◆ Directions for this task
In the listing that follows, retype every line from the first through the one containing "The Texans' defense". Pictures are to be left out.
== Material to process ==
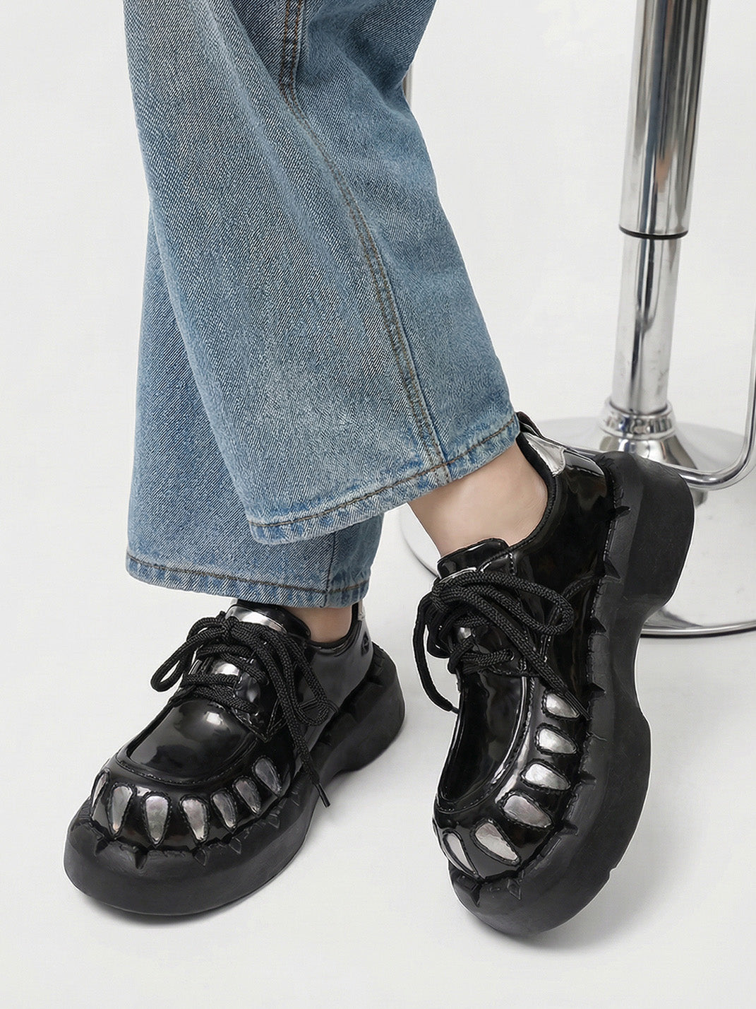 PINJIAHUI | Lace-up Patchwork Platform Shoes
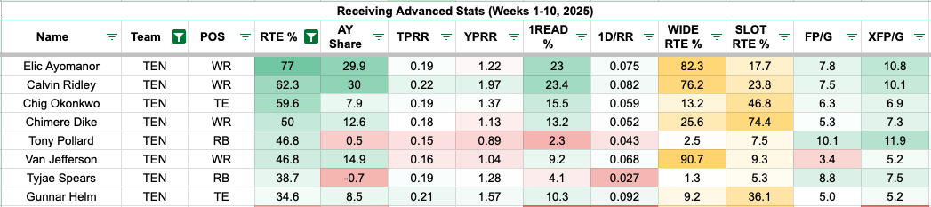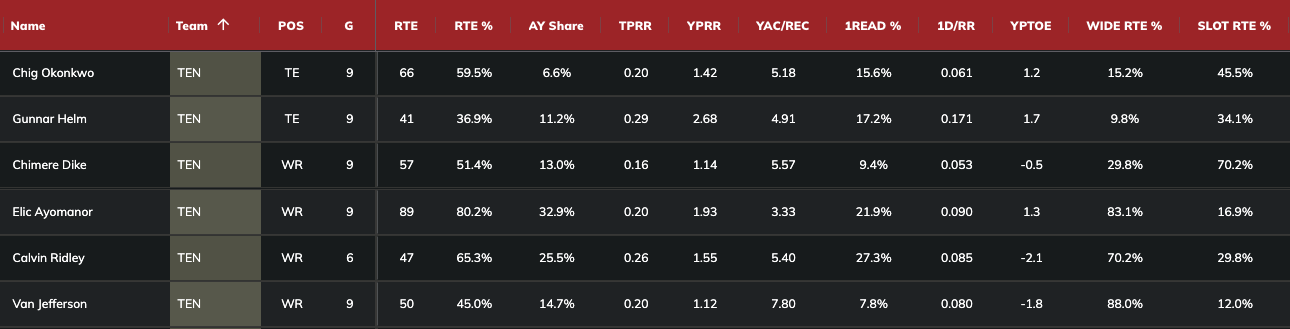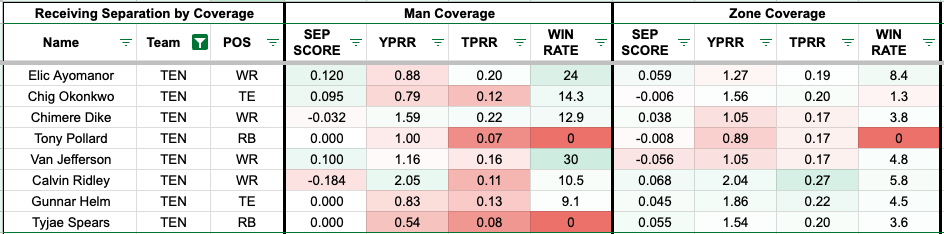 The Texans' defense deploys zone coverage at the sixth-highest rate while giving up the fourth-fewest fantasy points per dropback. Their tight ends have been the best producers against zone coverage, as seen below. Okonkwo produces 1.56 yards per route run, with Gunnar Helm at 1.86. If Calvin Ridley returns, he would be the Titans' best pass catcher against zone coverage.
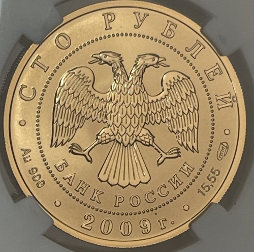 в центре диска - эмблема Банка России (двуглавый орел с опущенными крыльями, под ним надпись полукругом "БАНК РОССИИ"), обрамленная кругом из точек и надписями по кругу: вверху - "СТО РУБЛЕЙ", внизу - "2009 г.", слева - обозначение металла, проба сплава, справа - содержание драгоценного металла в чистоте и товарный знак монетного двора.
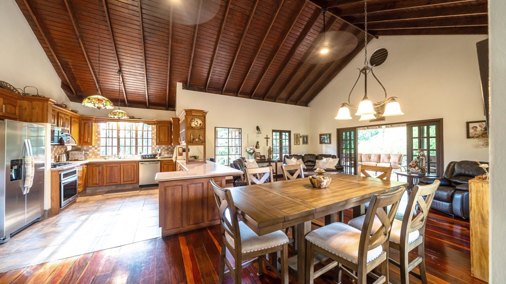 Discover the perfect blend of comfort and nature in this impressive 5 bedroom, 4.5 bathroom country residence set on 1.7 acres within a private, gated community. The home offers light-filled open living spaces, inviting verandas for entertaining, a dedicated office, family and games rooms, plus a secluded primary suite with walk-in closet, en-suite bathroom, and balcony. Practical features include 2 powder rooms, a 20KW generator, 16,000g water storage, a 5-car covered garage, and an electronic gate. Surrounded by mature fruit trees, landscaped gardens, and a thriving orchard, this fully equipped property is a rare chance to own a peaceful retreat with modern convenience. Located a short drive from the highway. – RS55208
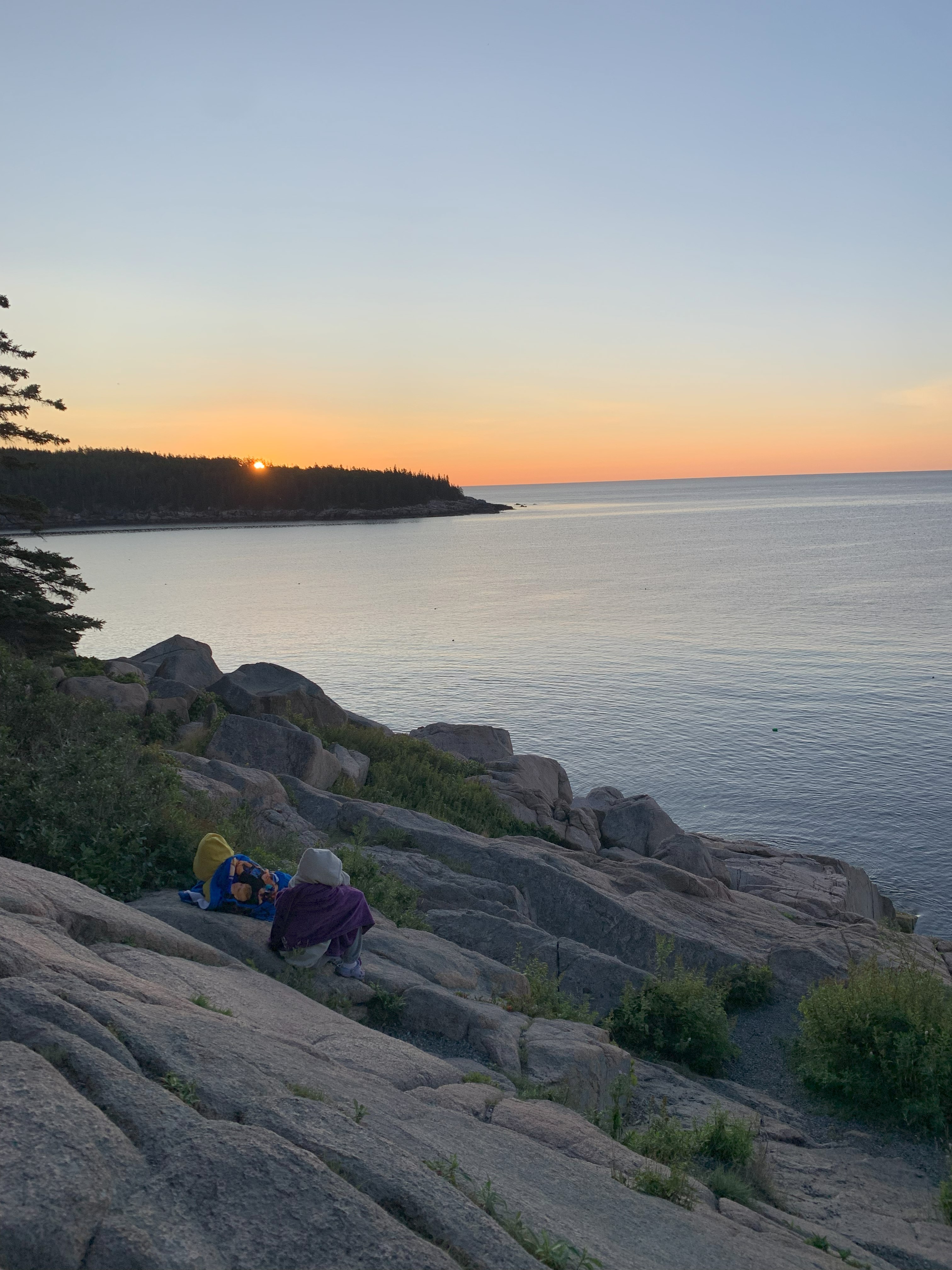 여기서는 Bay 넘어 산등성이 너머로 올라오는 태양을 볼 수 있었는데.. 아마도 Bay 건너편의 Thunder Hole 있는 해안 도로에서는 일출을 직접 볼 수 있지 않을 까 하는 생각이 들었다.
===
◆ Exercise solution
 PINJIAHUI | Lace-up Patchwork Platform Shoes
 The Texans' defense deploys zone coverage at the sixth-highest rate while giving up the fourth-fewest fantasy points per dropback. Their tight ends have been the best producers against zone coverage, as seen below. Okonkwo produces 1.56 yards per route run, with Gunnar Helm at 1.86. If Calvin Ridley returns, he would be the Titans' best pass catcher against zone coverage.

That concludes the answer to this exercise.